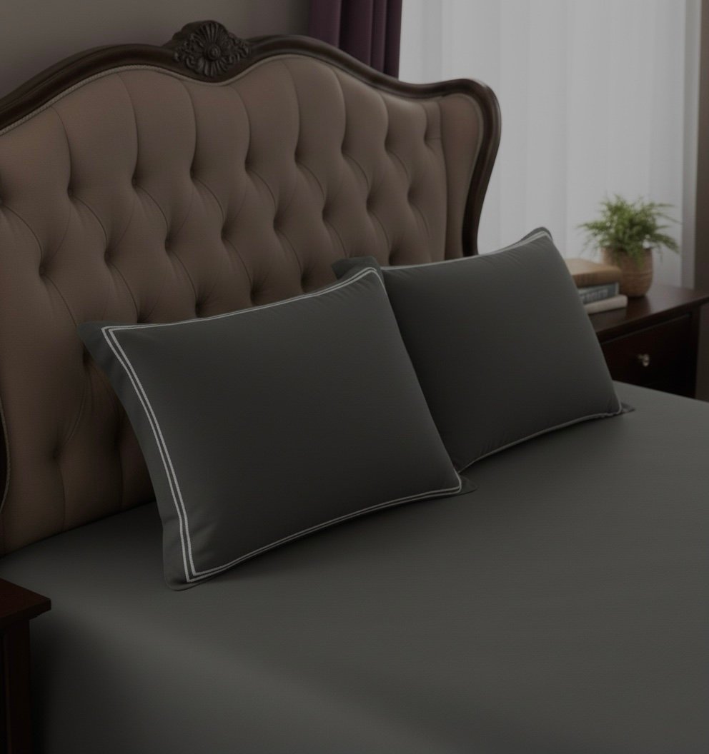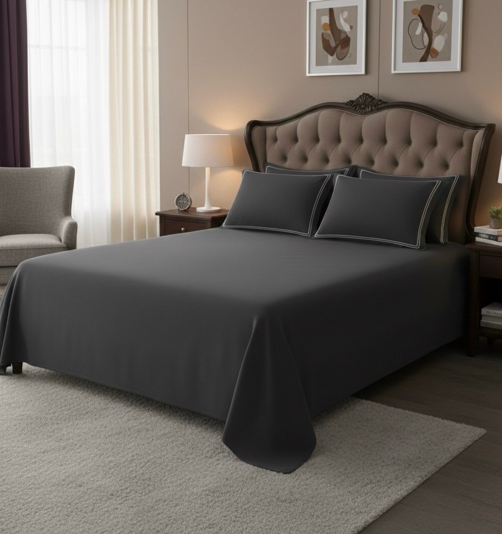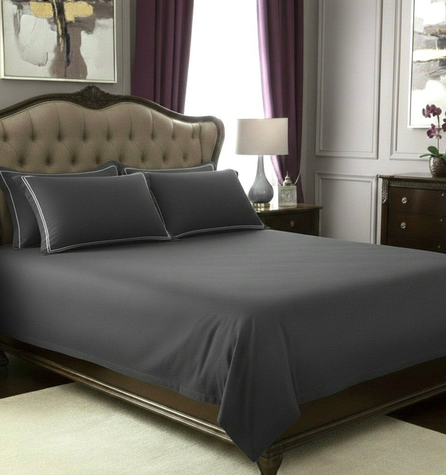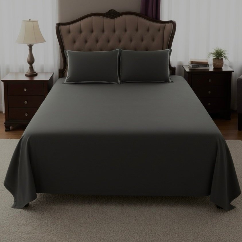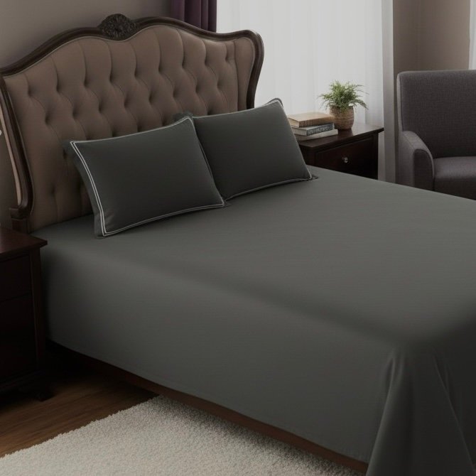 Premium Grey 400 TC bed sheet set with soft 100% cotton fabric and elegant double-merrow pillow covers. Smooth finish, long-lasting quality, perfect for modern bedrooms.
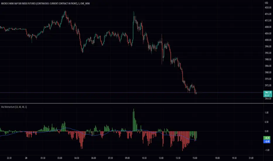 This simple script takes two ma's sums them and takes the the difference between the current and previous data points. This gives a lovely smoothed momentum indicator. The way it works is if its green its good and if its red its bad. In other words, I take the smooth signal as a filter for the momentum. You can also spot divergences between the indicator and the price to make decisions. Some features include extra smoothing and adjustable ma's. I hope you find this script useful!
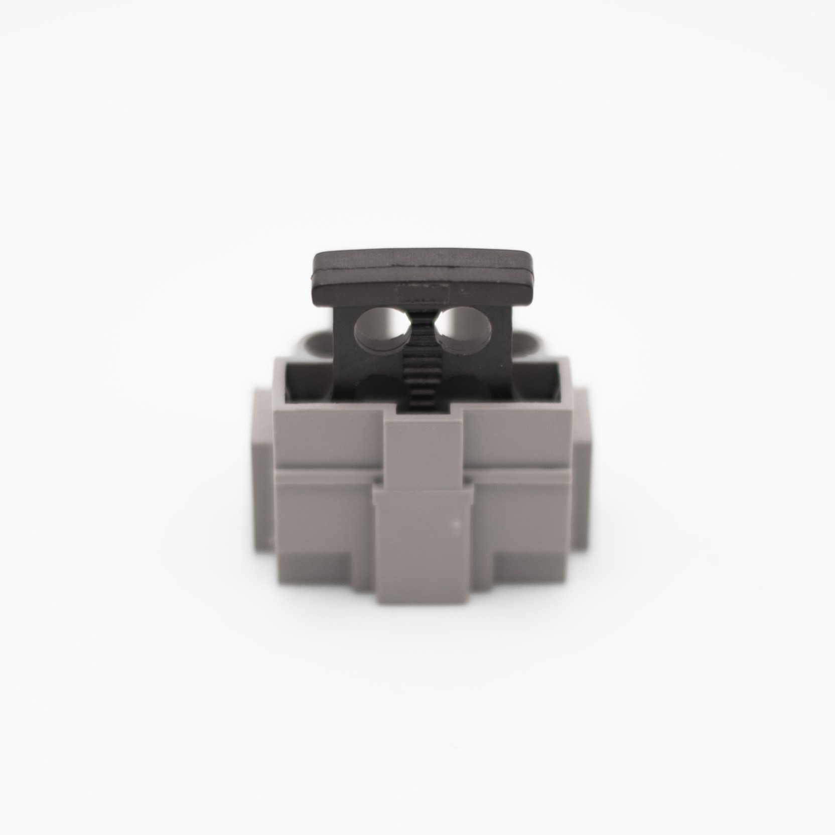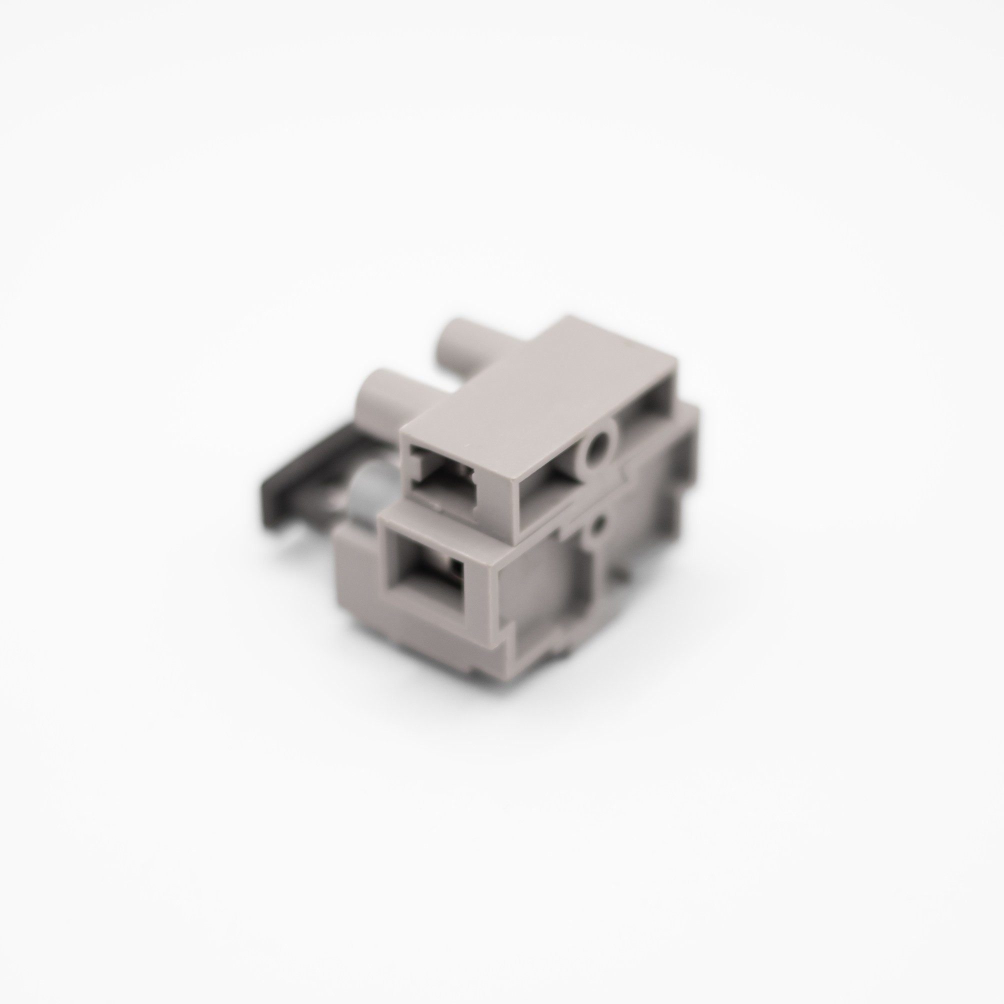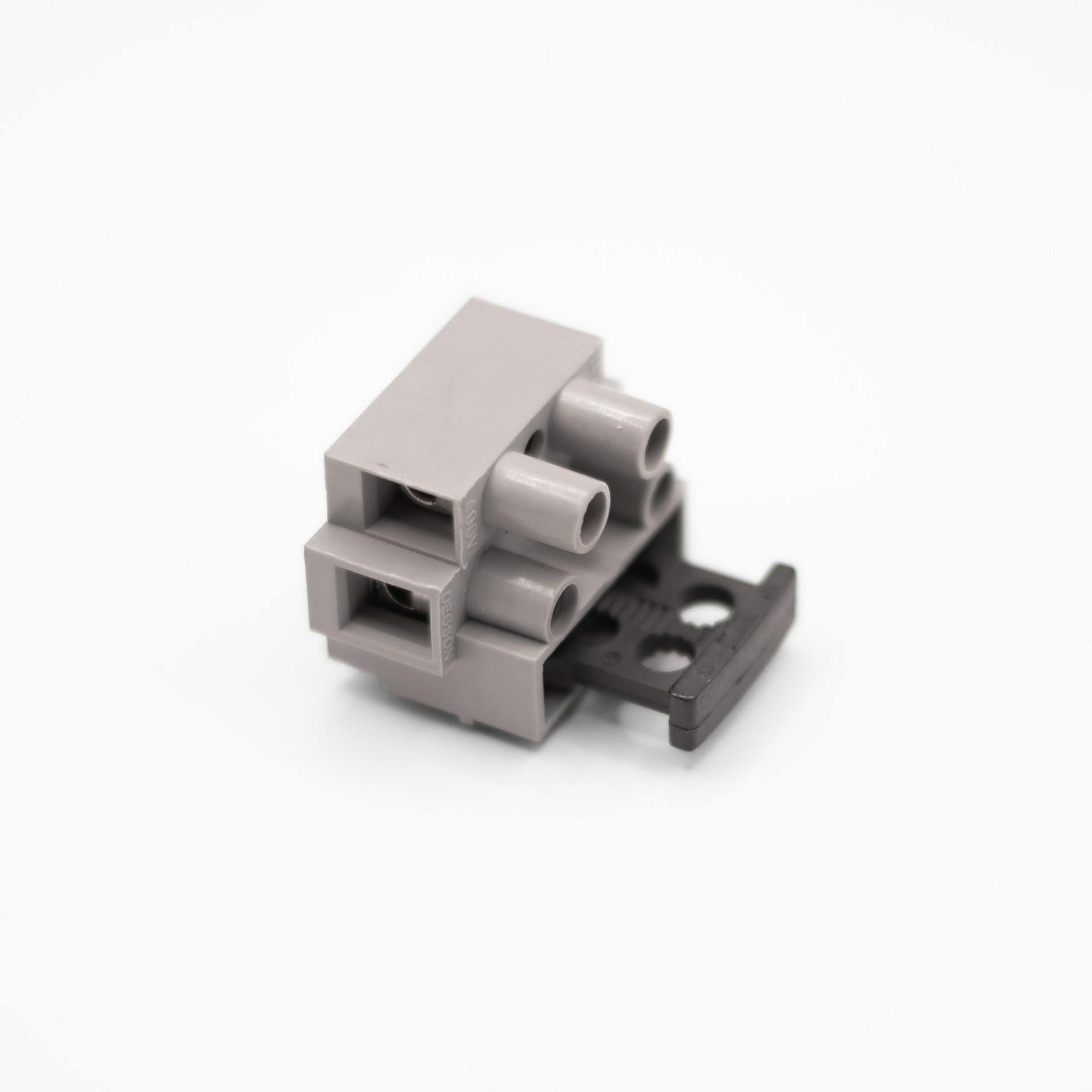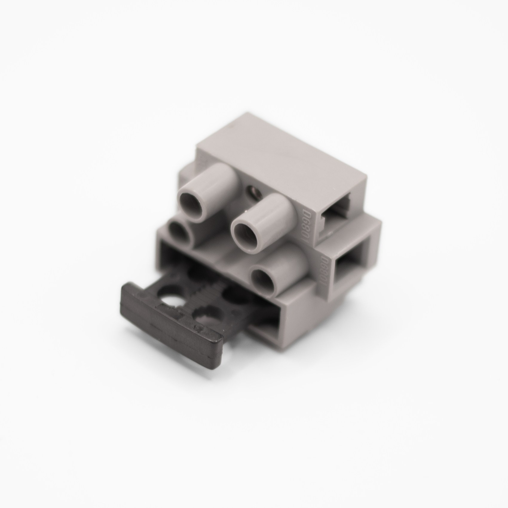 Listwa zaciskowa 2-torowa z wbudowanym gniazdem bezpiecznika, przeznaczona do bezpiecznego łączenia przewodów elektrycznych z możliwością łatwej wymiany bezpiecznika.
...
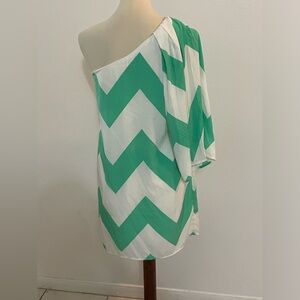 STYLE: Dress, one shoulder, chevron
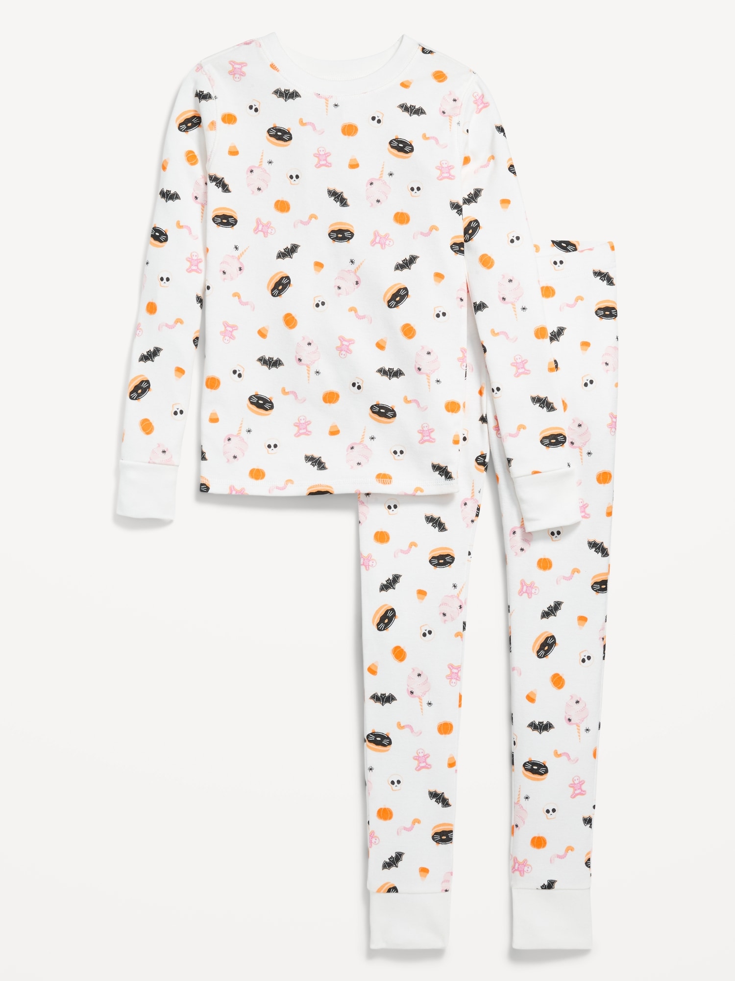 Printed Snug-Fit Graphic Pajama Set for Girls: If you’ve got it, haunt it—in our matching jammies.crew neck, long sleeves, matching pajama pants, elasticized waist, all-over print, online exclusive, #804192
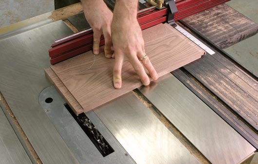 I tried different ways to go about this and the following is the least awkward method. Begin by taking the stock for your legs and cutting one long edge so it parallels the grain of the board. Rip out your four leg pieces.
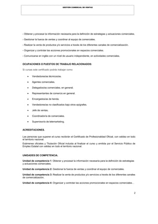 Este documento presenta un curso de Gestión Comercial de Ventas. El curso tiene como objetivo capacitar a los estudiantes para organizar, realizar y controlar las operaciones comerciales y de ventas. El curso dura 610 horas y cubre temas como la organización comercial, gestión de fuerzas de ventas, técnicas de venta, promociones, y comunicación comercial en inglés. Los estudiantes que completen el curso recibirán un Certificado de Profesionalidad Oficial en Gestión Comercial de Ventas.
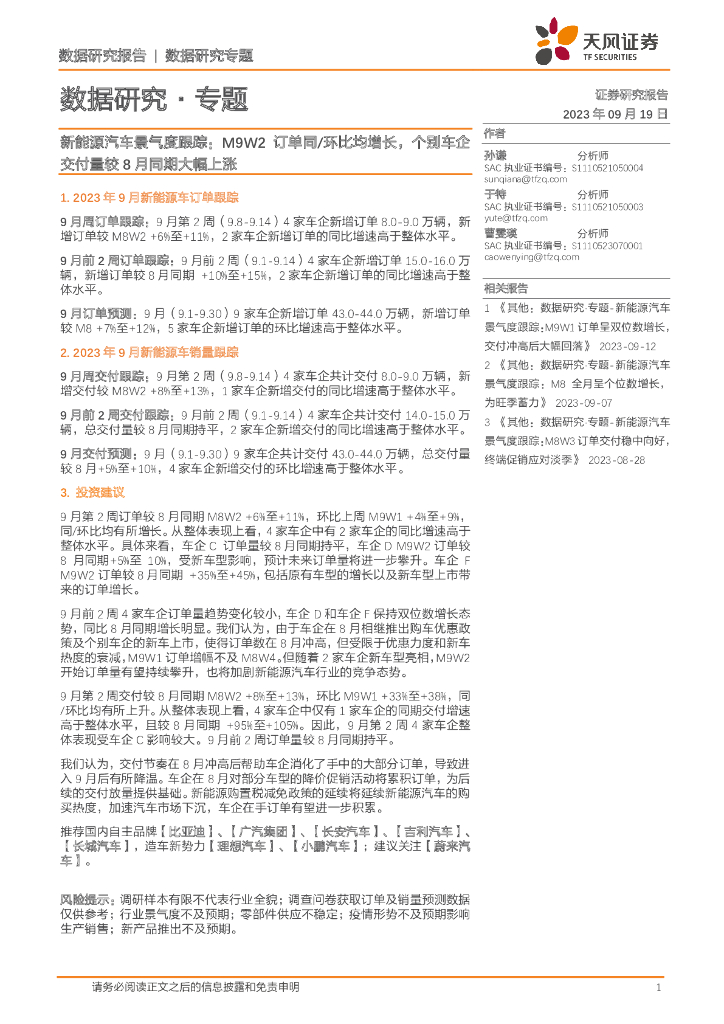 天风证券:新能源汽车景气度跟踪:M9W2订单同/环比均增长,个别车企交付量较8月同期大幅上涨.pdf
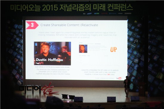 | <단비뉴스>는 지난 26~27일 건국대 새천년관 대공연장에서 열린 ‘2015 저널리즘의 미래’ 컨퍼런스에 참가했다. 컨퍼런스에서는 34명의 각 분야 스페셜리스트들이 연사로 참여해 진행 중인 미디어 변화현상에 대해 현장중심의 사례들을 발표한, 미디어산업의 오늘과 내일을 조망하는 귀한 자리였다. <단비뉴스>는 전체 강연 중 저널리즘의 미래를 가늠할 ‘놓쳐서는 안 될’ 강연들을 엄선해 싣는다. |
==
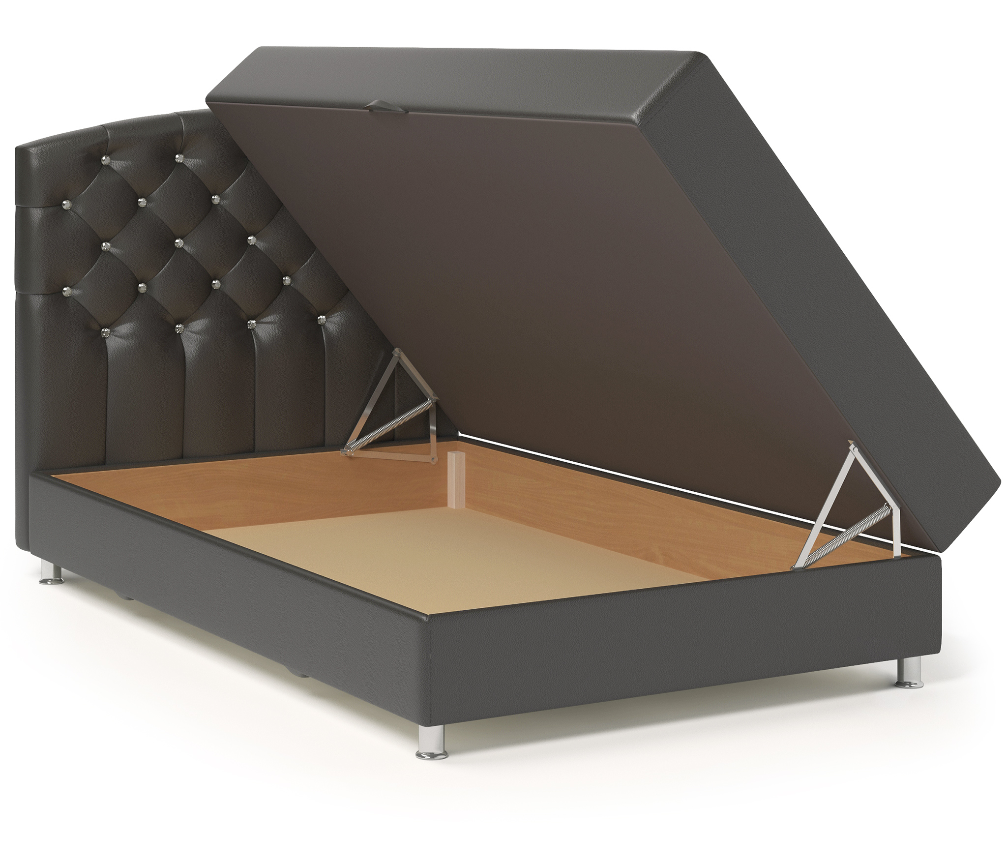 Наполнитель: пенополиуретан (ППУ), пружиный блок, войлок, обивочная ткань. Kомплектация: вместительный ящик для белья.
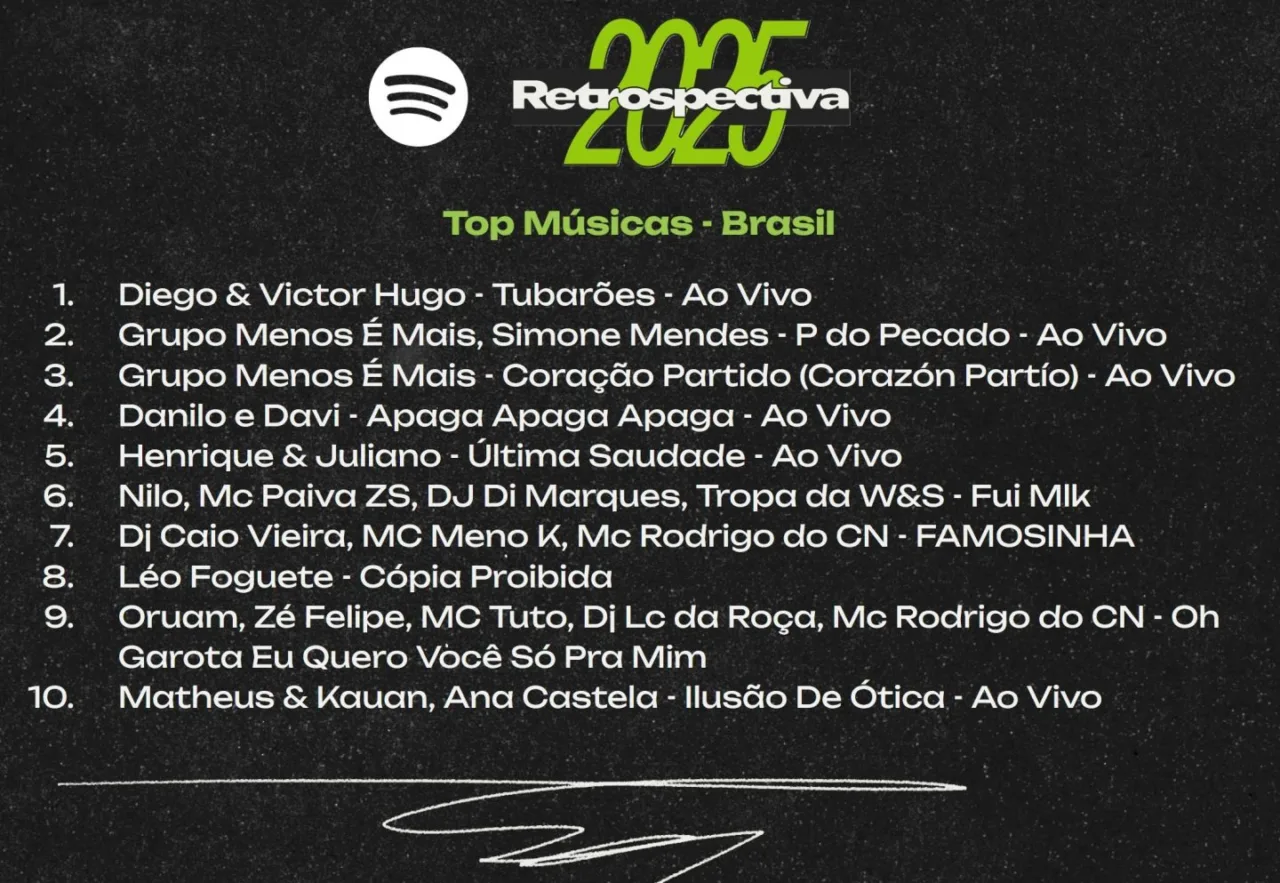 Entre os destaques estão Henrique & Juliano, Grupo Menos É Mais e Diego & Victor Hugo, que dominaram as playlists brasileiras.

### EXERCISE REQUIREMENTS
Go back to the listing above and write out the lines starting at the one with "STYLE: Dress, one shoulder, chevron" and ending at the one with "I tried different", inclusive, exactly and without pictures.

### ANSWER TO THE EXERCISE
 STYLE: Dress, one shoulder, chevron
 Printed Snug-Fit Graphic Pajama Set for Girls: If you’ve got it, haunt it—in our matching jammies.crew neck, long sleeves, matching pajama pants, elasticized waist, all-over print, online exclusive, #804192
 I tried different ways to go about this and the following is the least awkward method. Begin by taking the stock for your legs and cutting one long edge so it parallels the grain of the board. Rip out your four leg pieces.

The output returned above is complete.